"Kamu tu kalau pulang kok selalu mepet sih?" tanya Mama ke Putri.
"Putri sibuk banget Ma," jawab Putri sambil meluk dan mencium Mamanya.
Papa memperhatikan mereka berdua dari ruang keluarga. Dia sedang menonton televisi.
"Kamu kemana dulu?" tanya Papa dengan suara datar.
Putri sedikit kaget.
"Nggak kemana-mana kok Pa," jawab Putri.
"Kamu itu dibiarin makin menjadi ya? Selama ini Papa diam saja, pura-pura tak tahu, Papa berharap dengan makin dewasanya kamu, kamu akan berubah dan sadar dengan sendirinya. Tapi malah makin parah dan ngawur," jawab Papa.
Putri merasa kalau ada sesuatu yang salah disini. Dia hanya diam dan menundukkan kepalanya.
"Kamu anggap Papa ini anak kecil yang gampang dibohongi?" bentak Papanya mulai dengan nada marah.
"Paaa..." panggil Mama dengan nada memohon sambil memegangi tangan Putri.
"Papa sudah tanya Om. Kamu pulang pagi tadi dari Salatiga kan? Emang butuh berapa jam dari sana ke sini?" bentak Papa lagi tanpa mempedulikan rengekan istrinya.

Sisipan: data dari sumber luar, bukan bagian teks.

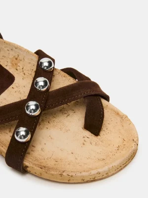 The KELSO sandal features a strappy design adorned with subtle studs, combining edgy style with refined craftsmanship. Its flatform sole offers balanced height and comfort, making it ideal for all-day wear. Perfect for elevating casual or dressy looks, this sandal blends contemporary fashion with practical support.

"Dan kamu ngelakuin ini bukan sekali ini saja kan?"
Putri terdiam.
Dia sadar sekarang kalau Papa dan Mama mungkin tahu kalau selama ini Putri selalu nyolong kesempatan buat nyamperin si Sempak tiap kali pulang dan baru ke rumah setelah itu.
"Papa nguliahin kamu biar kamu itu bisa mikir. Lebih dewasa. Nggak lagi tertipu sama cinta monyet SMAmu. Tapi kamu tu nggak nyadar juga!!"
"Papa sengaja nyuruh kamu kuliah di luar kota biar kamu tu bisa mempertimbangkan lagi kelakuan anak-anakmu itu!!"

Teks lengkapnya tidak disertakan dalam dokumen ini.